Exercise data:

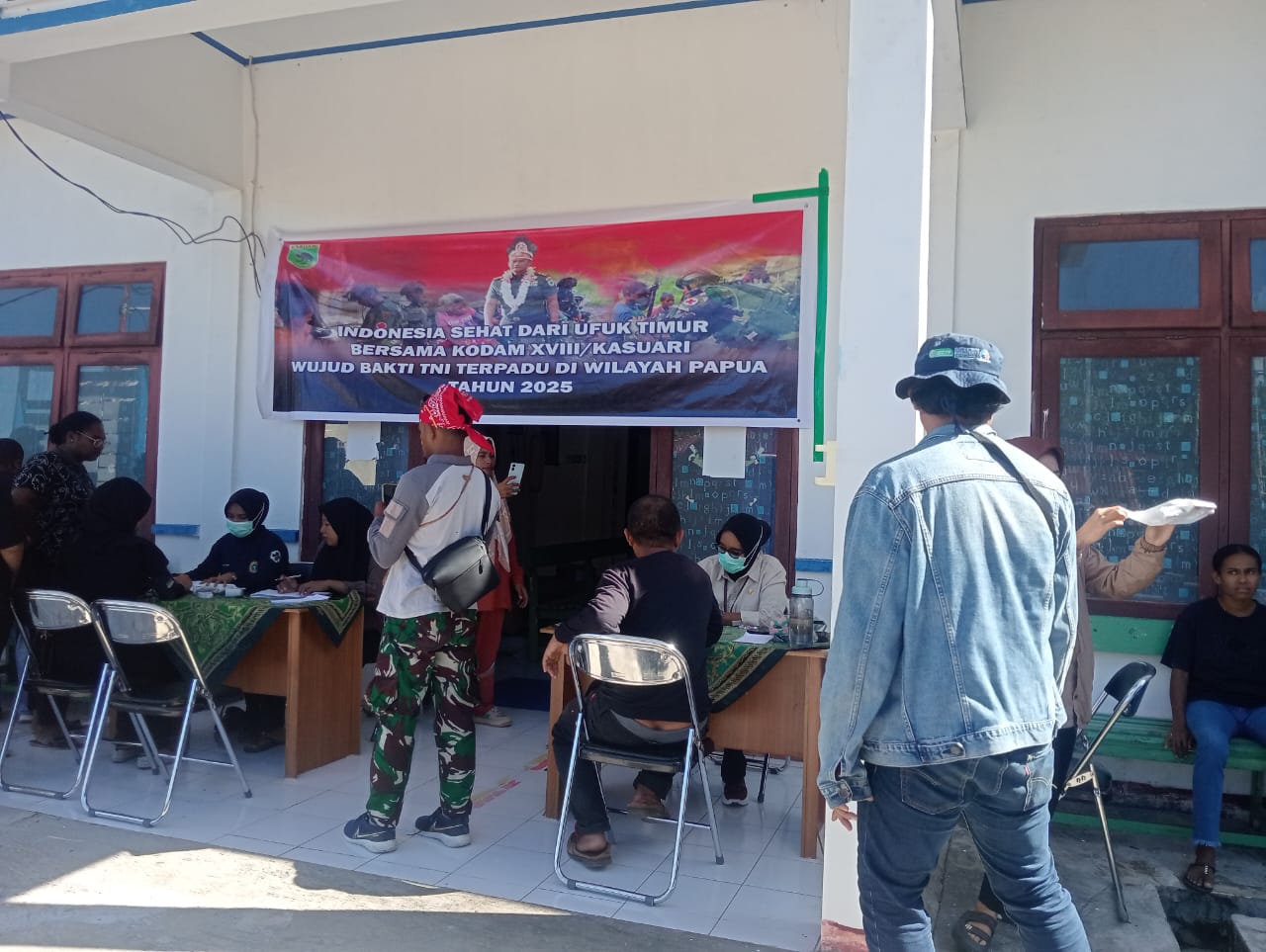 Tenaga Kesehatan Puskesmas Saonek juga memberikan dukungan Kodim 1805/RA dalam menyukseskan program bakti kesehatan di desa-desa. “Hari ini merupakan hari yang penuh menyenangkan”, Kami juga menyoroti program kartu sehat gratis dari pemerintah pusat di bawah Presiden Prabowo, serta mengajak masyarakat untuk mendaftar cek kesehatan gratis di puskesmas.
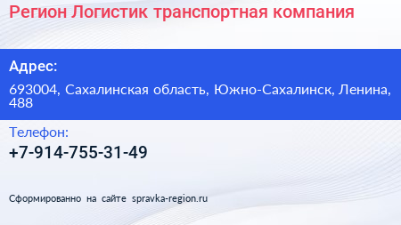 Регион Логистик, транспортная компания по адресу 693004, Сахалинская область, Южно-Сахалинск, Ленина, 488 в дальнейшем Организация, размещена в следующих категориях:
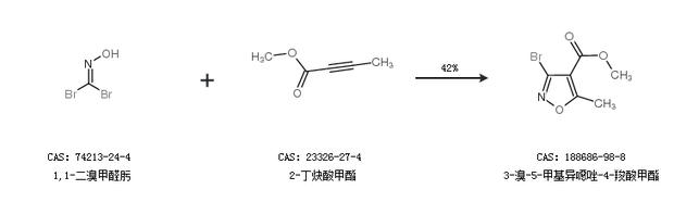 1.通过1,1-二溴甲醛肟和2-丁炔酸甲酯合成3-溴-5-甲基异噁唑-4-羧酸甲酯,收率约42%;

Task brief: Reproduce all the material exactly, omitting images.

Solution for this task:
 Tenaga Kesehatan Puskesmas Saonek juga memberikan dukungan Kodim 1805/RA dalam menyukseskan program bakti kesehatan di desa-desa. “Hari ini merupakan hari yang penuh menyenangkan”, Kami juga menyoroti program kartu sehat gratis dari pemerintah pusat di bawah Presiden Prabowo, serta mengajak masyarakat untuk mendaftar cek kesehatan gratis di puskesmas.
 Регион Логистик, транспортная компания по адресу 693004, Сахалинская область, Южно-Сахалинск, Ленина, 488 в дальнейшем Организация, размещена в следующих категориях:
 1.通过1,1-二溴甲醛肟和2-丁炔酸甲酯合成3-溴-5-甲基异噁唑-4-羧酸甲酯,收率约42%;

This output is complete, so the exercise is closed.